DX Managed for AWS
DX Managed for AWS is a single-tenant deployment of DX in your AWS organization within an isolated sub-account.
Your DX cluster resides in a private VPC that is peered with your corporate networks and VPCs which contain data sources such as GitHub and GitLab. When needed, your DX cluster may also connect to cloud tools that reside outside of your network.
The DX cluster consists of several Kubernetes services that run in AWS EKS. In addition, DX utilizes managed AWS services including RDS, S3, Bedrock, and Aurora. Please see the next section for more details on required AWS services.
Required services
The table below lists the AWS services required for your DX cluster. All AWS services are in compliance with FedRAMP High (GovCloud).

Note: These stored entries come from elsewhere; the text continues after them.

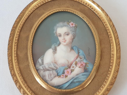 Antique 19th Century Hand Painted French School Miniature Portrait of a Lady with Flowers, Signed GAMET, in Gilded Bronze Medallion Frame
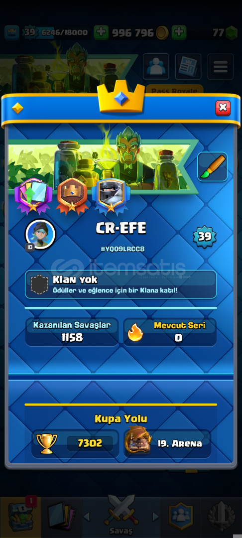 BOMBA HESAP 84K+7K Clash Royale Acil Satılık
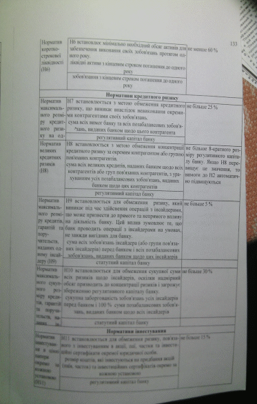 1. Нормативи капіталу: мінімального розміру регулятивного капіталу – Н1 (120 млн. грн.); достатності (адекватності) регулятивного капіталу – Н2 (не менше 10%); (коефіцієнт) співвідношення регулятивного капіталу до сукупних активів (Н3) – Н3 (не менше 9%);(коефіцієнт) співвідношення регулятивного капіталу до зобов’язань (Н3-1) (не менше 10%).

Service | Purpose | Minimum Requirements |
---|---|---|
ELB | Application Load Balancer | 1 instance |
EKS | Managed Kubernetes service | 1 cluster (2+ EC2 instances) |
RDS Aurora PostgreSQL | Application database and data lake | 1 cluster (2 EC2 instances) |
S3 | Application data storage | Usage-based |
Bedrock | DX AI product features | Usage-based |
CloudWatch | Logging and monitoring | Usage-based |
The DX EKS cluster is configured to use two or more M8g or M7g instances for all of our application services. This cluster automatically scales to fit your data connection and user reporting workloads, starting with 4 vCPUs and 32GB of RAM for each Kubernetes node.

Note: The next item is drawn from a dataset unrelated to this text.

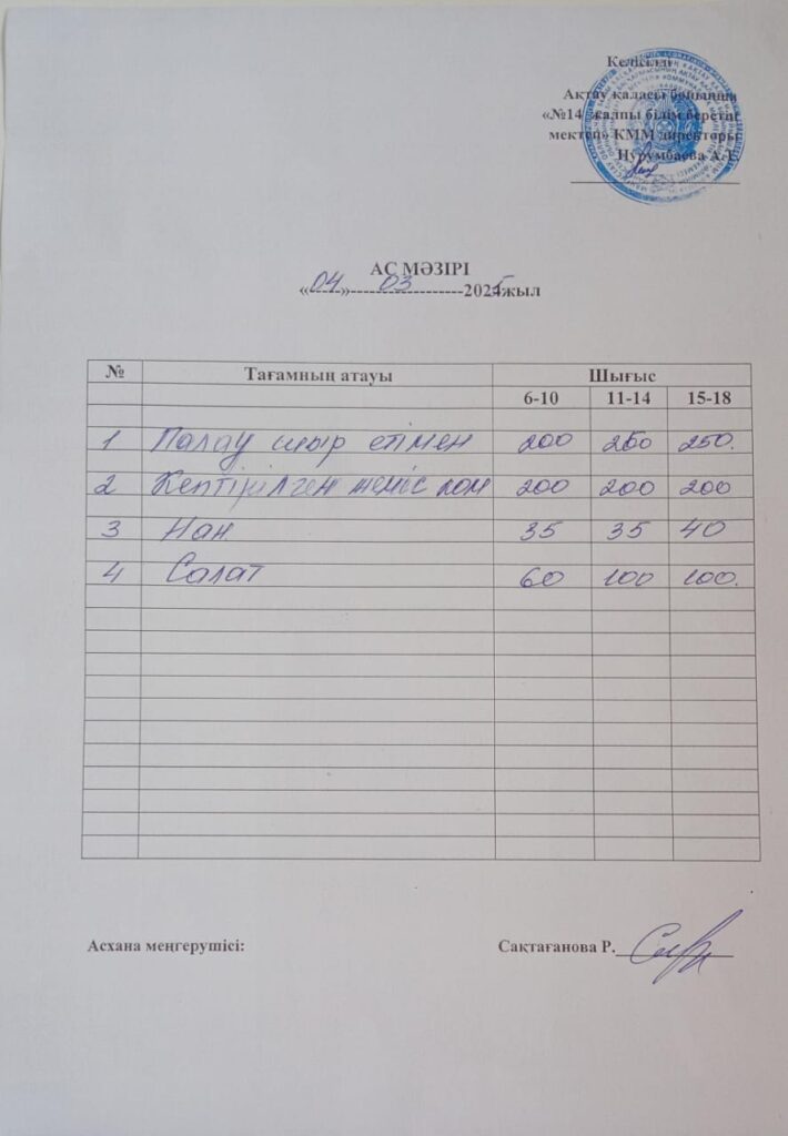Ас мәзірі 4.03.25 Бағасы 600 теңге

Each node also allocates 100GiB of EBS ephemeral storage, and there is 1 additional 50GiB stateful storage volume per-cluster. DX uses the latest generation AWS Graviton4 CPUs depending on availability (the M8 generation is only available with reserved instance pricing in some regions as of May 2025).
Org Size | EKS Instance Type | vCPU | RAM (GiB) |
---|---|---|---|
0–500 | M8g.xlarge | 4 | 32 |
500–2,500 | M8g.2xlarge | 8 | 64 |
5,000+ | M8g.4xlarge | 16 | 128 |
RDS Aurora PostgreSQL is configured to run with 2 R8g or R7g memory-optimized instances in high-availability (HA) mode. The base instance sizing for the Aurora cluster has 8 vCPUs and 64GB of RAM.
RDS Aurora is configured with I/O-Optimized storage. Please see below for recommended database requirements based on organization size. We configure a backup retention period of 14 days by default, which typically amounts to 2-3x of the volume of your database storage.
Org Size | RDS Instance Type | vCPUs | RAM (GiB) | Storage (GB) |
---|---|---|---|---|
0–500 | R8g.2xlarge | 8 | 64 | 200 |
500–2,500 | R8g.4xlarge | 16 | 128 | 500 |
5,000+ | R8g.8xlarge | 32 | 256 | 1,000 |
By default, Amazon Simple Email Service (Amazon SES) is used to send emails securely. As an alternative, you can configure your own email service using SMTP.
Setup and installation
Prerequisites
Before starting the DX installation process you’ll need a MacOS computer with the following tools installed:
- AWS CLI
$ brew install awscli
- Terraform
$ brew tap hashicorp/tap
$ brew install hashicorp/tap/terraform
- Kubectl
$ brew install kubectl
- Helm
$ brew install helm
- Git
$ brew install git
- Jq
$ brew install jq
You will need access to an AWS user account with Administrator capabilities. We recommend creating a new AWS member account (i.e., dedicated AWS sub-account), if possible. You’ll need an ~/.aws/config
file containing the profile you’ll be using for the setup process, for example:
[profile dx-setup]
sso_start_url = https://d-1234567890.awsapps.com/start
sso_region = us-east-1
sso_account_id = 123456789012
sso_role_name = AdministratorAccess
region = us-east-1
output = json
To verify your access, log in to the profile (ex: aws sso login --profile dx-setup
) and then run aws sts get-caller-identity --profile dx-setup
from the admin user’s computer.
Please note: as part of the installation process, you will be asked what AWS account ID you wish to install to. This may be different than the one you are logged in as. You will also create a VPC for your DX cluster to be hosted within. This VPC will need to be able to connect to any data sources that DX data connectors import data from.
Installation steps
Installation is intended to be completed jointly with a DX forward deployed engineer (FDE). Setup can be performed exclusively within your AWS organization or managed using a cross-account AWS role, depending on your security requirements.
1/ System configuration
Clone the Git repository provided to you by DX. The FDE will have this information for you.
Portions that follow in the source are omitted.